## WHAT THE TASK ASKS
Output the data below only from the line containing "UV対策におすすめのフェイスカバー付きフードパーカー。" up to and including the line containing "TUCSON, Ariz. (KGUN)", exact and with the pictures left out.

## MATERIALS PROVIDED
---+---

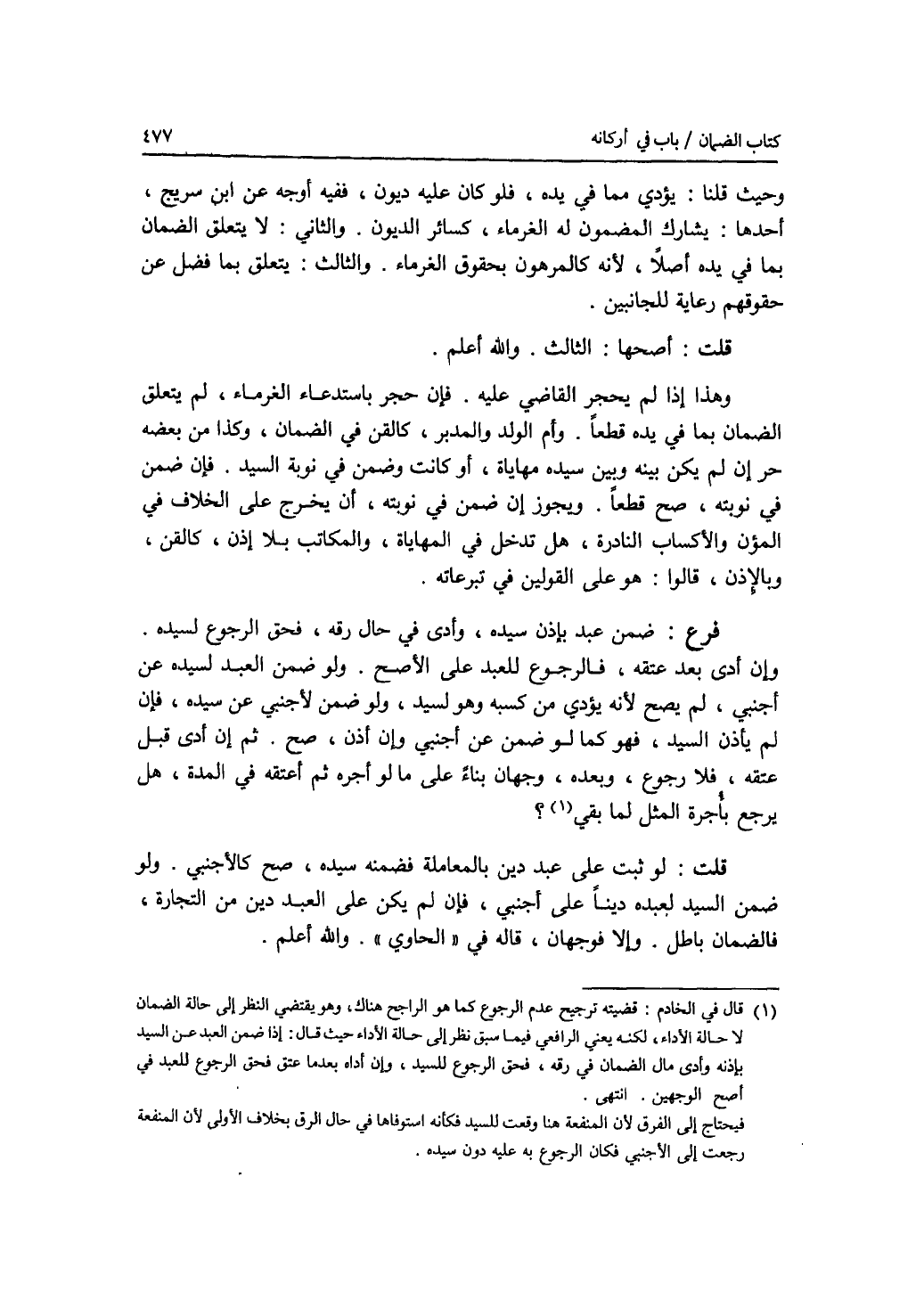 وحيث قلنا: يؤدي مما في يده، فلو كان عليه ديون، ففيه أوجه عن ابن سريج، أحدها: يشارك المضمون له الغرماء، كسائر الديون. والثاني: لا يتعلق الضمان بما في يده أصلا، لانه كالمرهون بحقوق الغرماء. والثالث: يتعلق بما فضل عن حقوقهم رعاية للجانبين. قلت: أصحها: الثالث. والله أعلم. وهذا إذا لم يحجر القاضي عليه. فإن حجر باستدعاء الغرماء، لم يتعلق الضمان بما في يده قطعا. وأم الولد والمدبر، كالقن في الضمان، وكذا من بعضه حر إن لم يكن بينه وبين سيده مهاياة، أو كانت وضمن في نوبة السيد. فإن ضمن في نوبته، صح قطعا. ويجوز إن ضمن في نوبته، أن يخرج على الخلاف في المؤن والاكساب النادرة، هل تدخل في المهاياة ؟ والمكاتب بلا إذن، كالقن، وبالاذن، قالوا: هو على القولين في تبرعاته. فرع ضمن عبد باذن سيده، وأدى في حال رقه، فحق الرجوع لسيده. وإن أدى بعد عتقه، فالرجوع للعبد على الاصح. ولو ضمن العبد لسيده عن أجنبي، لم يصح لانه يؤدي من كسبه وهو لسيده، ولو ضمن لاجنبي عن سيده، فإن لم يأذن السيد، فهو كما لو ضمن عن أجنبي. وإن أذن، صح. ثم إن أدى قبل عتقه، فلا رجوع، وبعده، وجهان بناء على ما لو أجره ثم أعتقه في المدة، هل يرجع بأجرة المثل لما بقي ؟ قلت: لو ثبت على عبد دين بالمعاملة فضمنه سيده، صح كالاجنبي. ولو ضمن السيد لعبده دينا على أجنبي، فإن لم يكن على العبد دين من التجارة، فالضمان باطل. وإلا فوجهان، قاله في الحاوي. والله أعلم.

---+---

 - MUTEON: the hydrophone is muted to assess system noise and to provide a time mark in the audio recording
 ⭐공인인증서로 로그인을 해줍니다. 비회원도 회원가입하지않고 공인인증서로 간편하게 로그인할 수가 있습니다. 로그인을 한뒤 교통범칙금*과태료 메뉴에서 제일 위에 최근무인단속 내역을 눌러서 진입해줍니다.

---+---

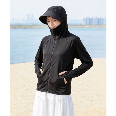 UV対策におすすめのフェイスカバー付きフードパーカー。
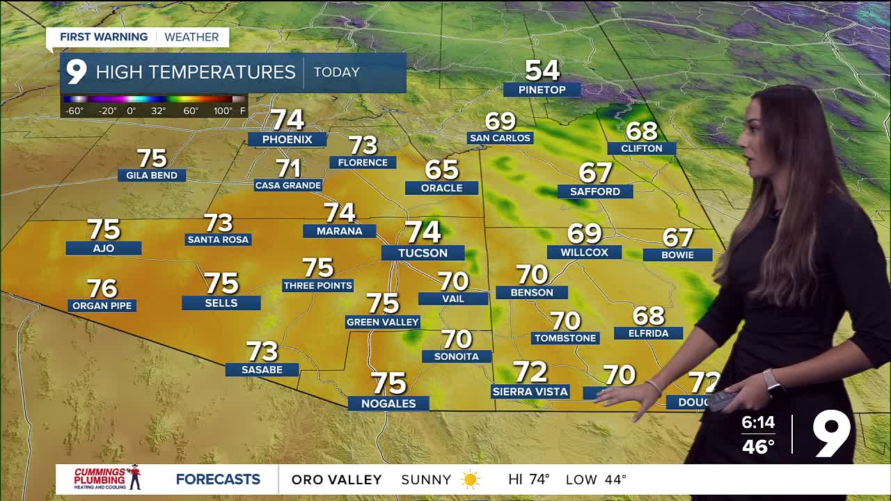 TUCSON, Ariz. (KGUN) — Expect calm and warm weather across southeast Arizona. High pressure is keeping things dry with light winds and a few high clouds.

---+---

## SOLUTION TO THE EXERCISE
 UV対策におすすめのフェイスカバー付きフードパーカー。
 TUCSON, Ariz. (KGUN) — Expect calm and warm weather across southeast Arizona. High pressure is keeping things dry with light winds and a few high clouds.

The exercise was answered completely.